### What you are asked to do
Give the lines below again, exactly as they stand, and leave out the images.

### Supplied data
<<<<
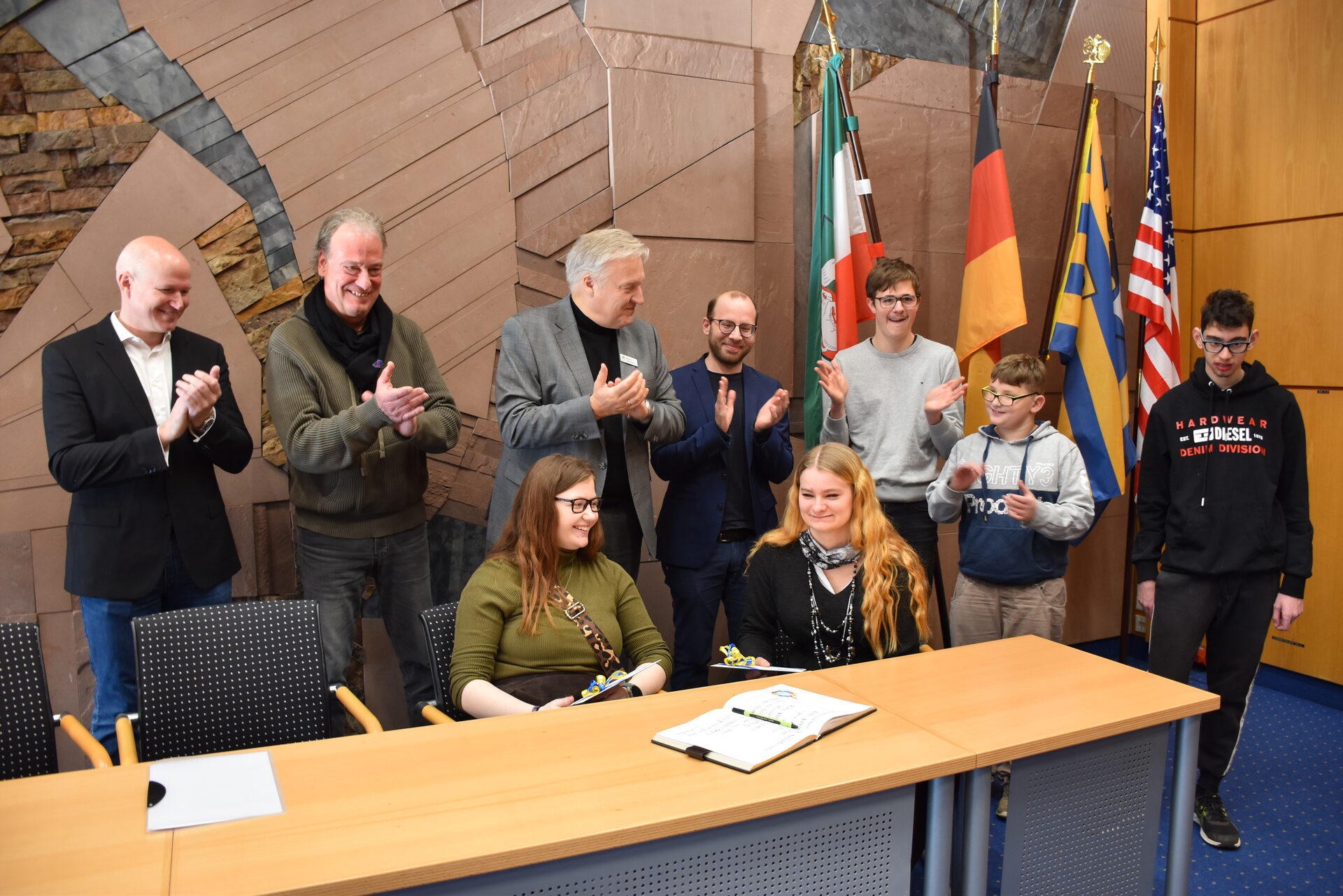 Pia Welsch ist 18 Jahre alt und tritt im Einzel sowie gemischten Doppel im Badminton an. "Der Eintrag in das Goldene Buch ist wirklich etwas ganz Besonderes für mich. Ich freue mich sehr auf Berlin, wir werden unser Bestes geben", erzählt sie mit leuchtenden Augen. Neben ihr sitzt die 16-jährige Kim Heinrichs mit einem freudigen Lächeln im Gesicht. "Das Ganze ist jetzt schon ein so großer Erfolg, mit dem ich niemals gerechnet hätte. Dass wir uns in das Goldene Buch des Kreises Düren eintragen durften, ist toll. So etwas erlebt man nur einmal im Leben."
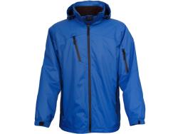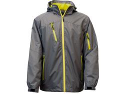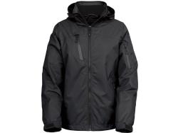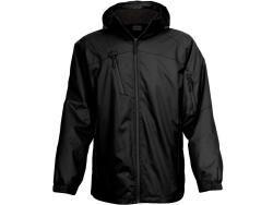 Style 710, 3 layer soft shell, 2 side and 1 left arm pocket, wind and water resistant, drop tail with draw string, rubber adjustable Velcro cuffs
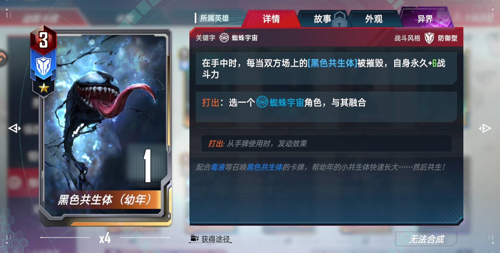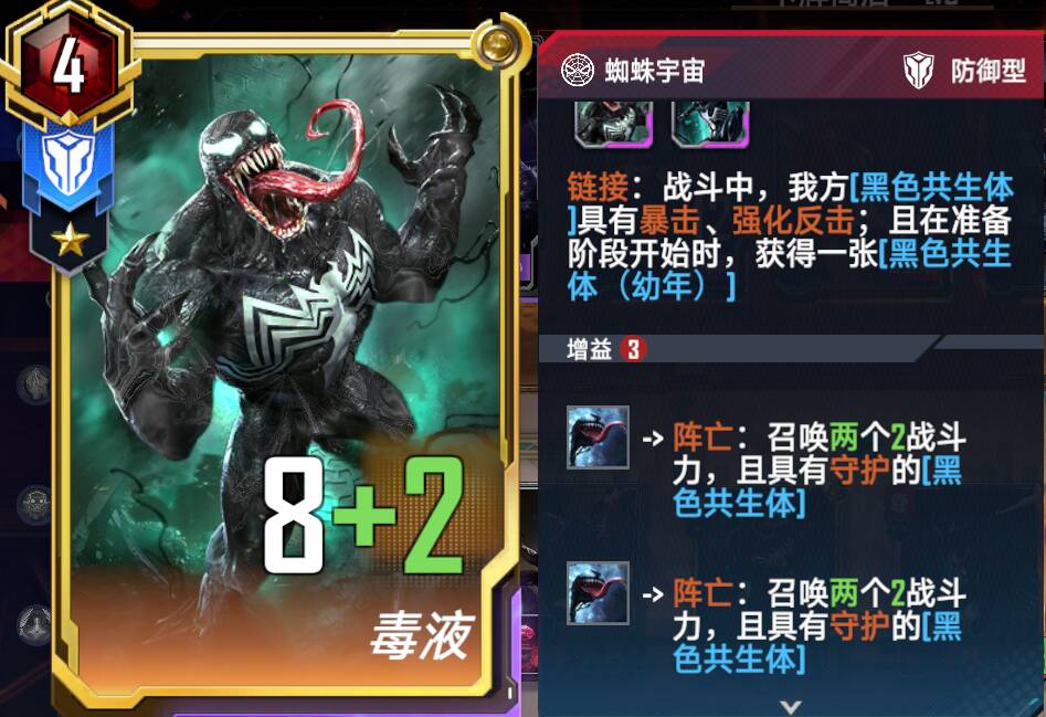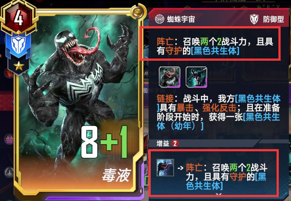 相当于和其他普通蜘蛛卡一样,比如下图,后打出二星小黑子,融合的亡语就是:召唤4个战力4的黑色共生体。融合后的星级还是和初始1星小黑子一样。
>>>>
### Your solution
 Pia Welsch ist 18 Jahre alt und tritt im Einzel sowie gemischten Doppel im Badminton an. "Der Eintrag in das Goldene Buch ist wirklich etwas ganz Besonderes für mich. Ich freue mich sehr auf Berlin, wir werden unser Bestes geben", erzählt sie mit leuchtenden Augen. Neben ihr sitzt die 16-jährige Kim Heinrichs mit einem freudigen Lächeln im Gesicht. "Das Ganze ist jetzt schon ein so großer Erfolg, mit dem ich niemals gerechnet hätte. Dass wir uns in das Goldene Buch des Kreises Düren eintragen durften, ist toll. So etwas erlebt man nur einmal im Leben."
 Style 710, 3 layer soft shell, 2 side and 1 left arm pocket, wind and water resistant, drop tail with draw string, rubber adjustable Velcro cuffs
 相当于和其他普通蜘蛛卡一样,比如下图,后打出二星小黑子,融合的亡语就是:召唤4个战力4的黑色共生体。融合后的星级还是和初始1星小黑子一样。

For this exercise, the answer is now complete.